SLR McLaren: Mesin AMG, Badge Bukan AMG
Mercedes-Benz SLR McLaren dikembangkan bersama McLaren dan tak menyandang badge AMG di bodinya. Ironisnya, mesin yang dibawanya justru dirakit tangan oleh AMG di Affalterbach.
SLR dirancang sebagai halo car gabungan Mercedes-McLaren, penghormatan modern untuk 300SLR racer era 1950-an. McLaren menangani monokok serat karbon dan perakitan akhir di Woking, Inggris.
Supercharged V8 5,4 liter di SLR menghasilkan 617 tenaga kuda dan torsi 575 lb-ft. Versi 722 Edition mendorongnya ke 641 tenaga kuda dan 605 lb-ft, disalurkan ke roda belakang lewat transmisi otomatis lima percepatan.

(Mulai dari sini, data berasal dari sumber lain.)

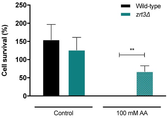 Cell survival of wild-type and zrt3Δ cells after AA treatment. Cell survival was assessed by c.f.u. 120 min after treatment with 100 mM AA, pH 3.0. Values are mean ± SEM (n ≥ 3). Statistical analysis was performed by two-way ANOVA. ** p < 0.01 in comparison with the wild-type strain.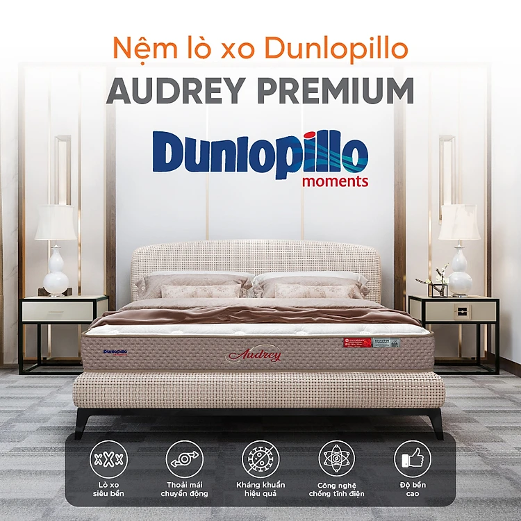 Nệm lò xo túi một sợi Dunlopillo Audrey Premium, nâng đỡ tối ưu,thiết kế sang trọng - Độ cao 25cm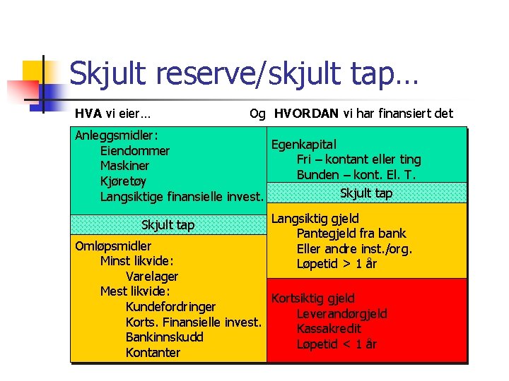 Skjult reserve/skjult tap… HVA vi eier… Og HVORDAN vi har finansiert det Anleggsmidler: Egenkapital Eiendommer Fri – kontant eller ting Maskiner Bunden – kont. El. T. Kjøretøy Skjult tap Langsiktige finansielle invest. Skjult tap Langsiktig gjeld Pantegjeld fra bank Eller andre inst. /org. Løpetid > 1 år Omløpsmidler Minst likvide: Varelager Mest likvide: Kortsiktig gjeld Kundefordringer Leverandørgjeld Korts. Finansielle invest. Kassakredit Bankinnskudd Løpetid < 1 år Kontanter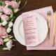 Carta de menú de la fiesta de cumpleaños. Personalice y agregue un nombre, edad, fecha y el menú. El fondo de color rosa falso metálico, decorado con finas purpurinas, chispas. Letras de color negro.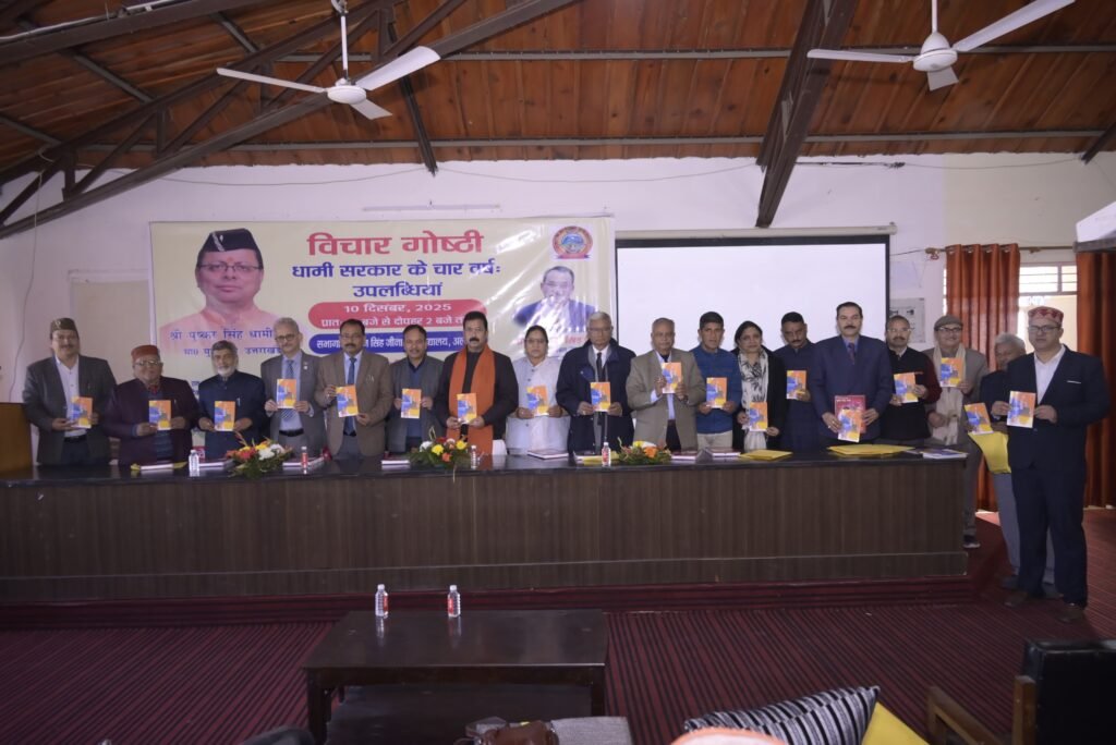 सोबन सिंह जीना विश्वविद्यालय के गणित विभाग के ऑडिटोरियम में आयोजित इस गोष्ठी का उद्देश्य बीते चार वर्षों में राज्य में हुए विकास कार्यों की समीक्षा, जनकल्याणकारी योजनाओं के प्रभाव का आकलन तथा भविष्य की प्राथमिकताओं पर सार्थक विमर्श करना रहा। गोष्ठी में राज्य सरकार की उपलब्धियों और चुनौतियों को लेकर विचार साझा किये गए। वक्ताओं ने कहा कि प्रधानमंत्री नरेंद्र मोदी के मार्गदर्शन में मुख्यमंत्री पुष्कर सिंह धामी केंद्र सरकार से बेहतर समन्वय स्थापित करते हुए राज्य को आगे बढ़ाते हुए नजर आ रहे हैं।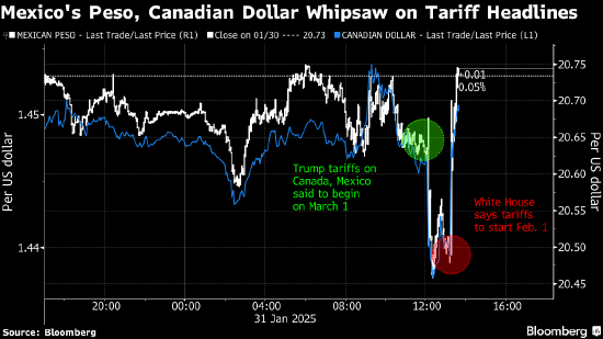 彭博美元指數(shù)一度上漲0.4%,至盤中高點(diǎn),扭轉(zhuǎn)跌勢(shì)。此前,有報(bào)道稱關(guān)稅將推遲一個(gè)月,導(dǎo)致美元下跌。白宮否認(rèn)了這一報(bào)道,表示將推進(jìn)對(duì)墨西哥和加拿大25%的關(guān)稅。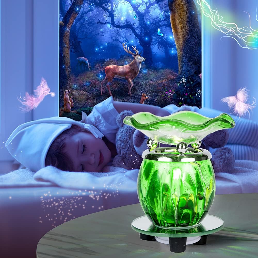HUNANBANG 3 in 1 Electric Oil Warmer Scented Wax Warmer Wax Melt Warmer Melter Fragrance Wax Burner(LW-Green2)
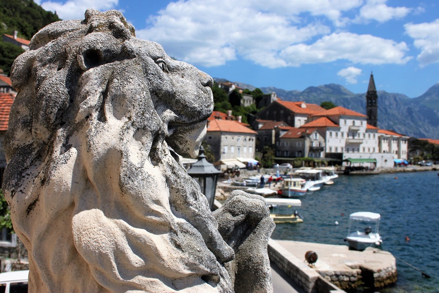We continued past our apartment, continuing past Armonia, the bar we stopped in last night, tucked by the side of Smekja Palace. We then came to the Church of St. Mark. There were figures of three saints on the roof. They were Saints Mark and Matthew, with apparently Christ in the center. It was built in 1706 and had a winged lion above the entrance, the mark of the Republic of Venice to whom Perast pledged its allegiance. It remained Venetian until the end of the 18th century when the empire collapsed, surrendering to Napolean and its lands divided up.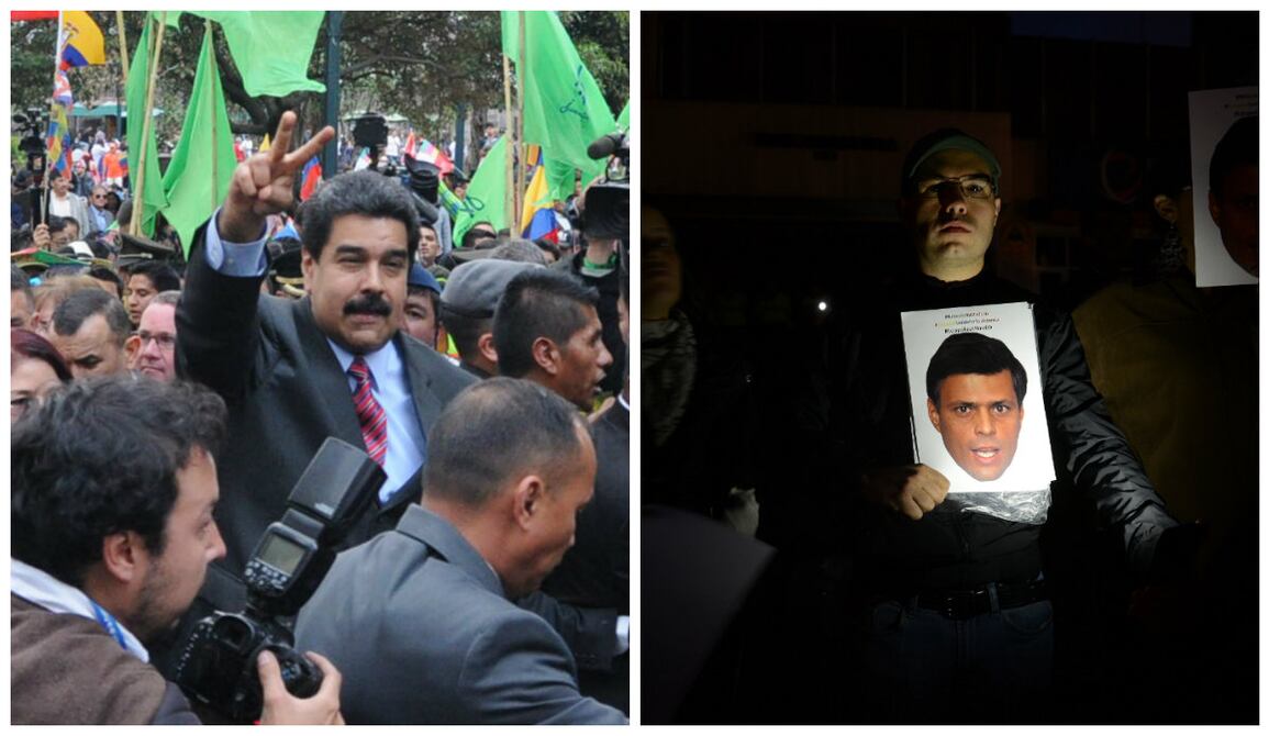 En la Plaza Grande Maduro fue ovacionado, pero en la Embajada de Venezuela decenas de personas se congregaron para rechazar su presencia en la capital. "Fuera Maduro"y "Leopoldo amigo, Ecuador está contigo".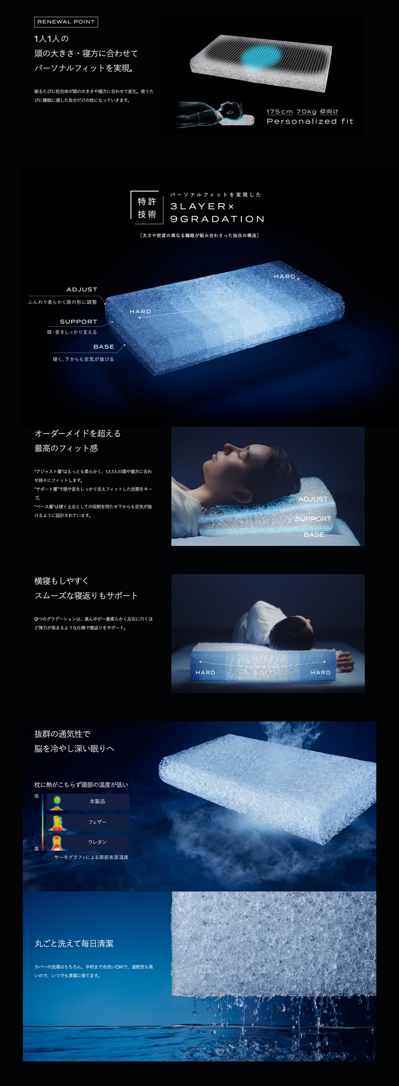 | フィット感 | 頭の大きさ・寝方に合わせてパーソナルフィットする3層9グラデーション構造を特許技術で実現。 |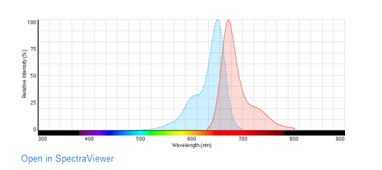 The isomer-free, amine-reactive Alexa Fluor 647 carboxylic acid, succinimidyl ester dye and its conjugates are spectrally identical to the Cy5 dye, with excitation/emission maxima of ~650/668 nm. The Alexa Fluor 647 conjugates, however, are significantly brighter than conjugates prepared with the Cy5 dye. A 5 mg unit size (A-20106) is also available. Fluorescence of this long-wavelength Alexa Fluor dye is not visible to the human eye but is readily detected by most imaging systems.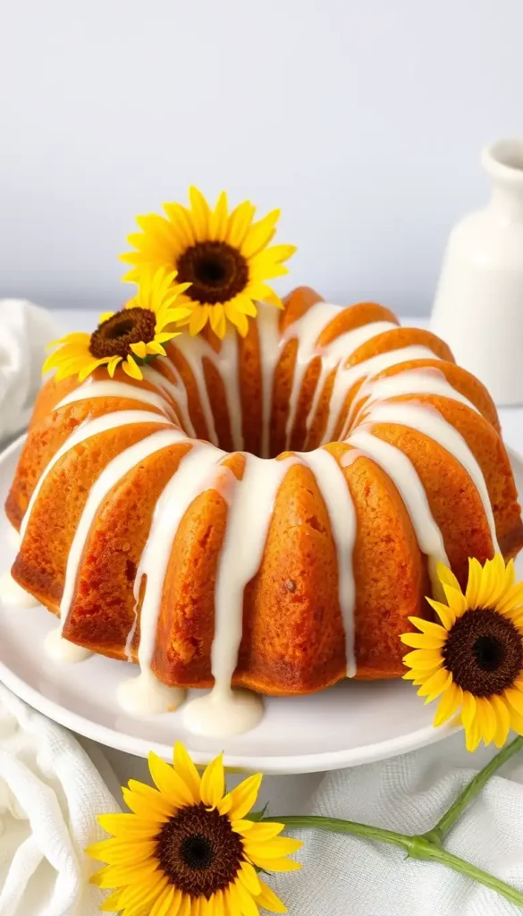 64. Rustic Sunflower Bundt Cake with Icing Drizzle

Total produksi antara 2003 dan 2010 diperkirakan hanya 2.157 unit, terbagi dalam coupe, roadster, dan Stirling Moss speedster. Akselerasi 0-60 mph versi 722 Edition tercatat 3,6 detik dengan top speed 209 mph.
Maybach S 680 dan V12 yang Terusir dari Eropa
Mercedes-Maybach S 680 adalah Mercedes bermesin pembakaran terkuat yang bisa dibeli hari ini tanpa badge AMG. Mesin V12 twin-turbo 6,0 liter M279 yang diusungnya adalah unit yang sama yang pernah menggerakkan S65 AMG sebelum Mercedes menghentikan lini performa V12.
Di S 680, mesin itu memuntahkan 621 tenaga kuda dan torsi 664 lb-ft. Limusin mewah ini sanggup berakselerasi 0-60 mph dalam 4,3 detik, dengan top speed dibatasi elektronik di 155 mph.
Pada generasi W223 tahun 2021, S 680 juga menjadi Mercedes road car bermesin V12 pertama yang menyalurkan tenaga ke keempat roda lewat sistem 4MATIC. Karakter mesinnya justru diatur untuk kehalusan, bukan agresivitas.
Masalahnya, V12 ini tidak lagi memenuhi aturan emisi Eropa. Mercedes pun menariknya dari benua tersebut. Pembeli di pasar Amerika Serikat, China, Timur Tengah, Jepang, atau Korea Selatan masih bisa memesannya, sementara Eropa hanya kebagian varian V8 S580.
Maybach EQS 680 SUV: Motor AMG, Badge Maybach
Maybach EQS 680 SUV menyandang gelar Mercedes non-AMG terkuat saat ini. Motor listrik gandanya identik dengan unit yang dipakai EQS 53 sedan, sehingga tenaganya membengkak jadi 649 tenaga kuda dan torsi 700 lb-ft.
Angka itu jauh melampaui 536 tenaga kuda milik EQS 580 SUV standar. Bobotnya 6.779 pon, tapi akselerasi 0-60 mph tetap tercatat 4,1 detik meski top speed dibatasi 130 mph.
Baterai 118 kWh mengantarkannya menempuh sekitar 280 mil dalam siklus EPA. Pengisian DC dari 10 ke 80 persen diklaim rampung dalam waktu sekitar setengah jam.
Menarik dicatat, EQS 53 AMG memulai dari 649 tenaga kuda yang sama, tapi bisa melejit hingga 751 tenaga kuda berkat paket Dynamic Plus opsional. Fitur tambahan itu tidak tersedia di versi Maybach.
Kelima model ini membuktikan Mercedes tetap bisa melahirkan mobil cepat tanpa harus menempelkan badge AMG. Sebagian menyembunyikan mesin rakitan AMG di balik bodi limusin, sebagian lain justru memakai motor listrik warisan divisi performa tersebut.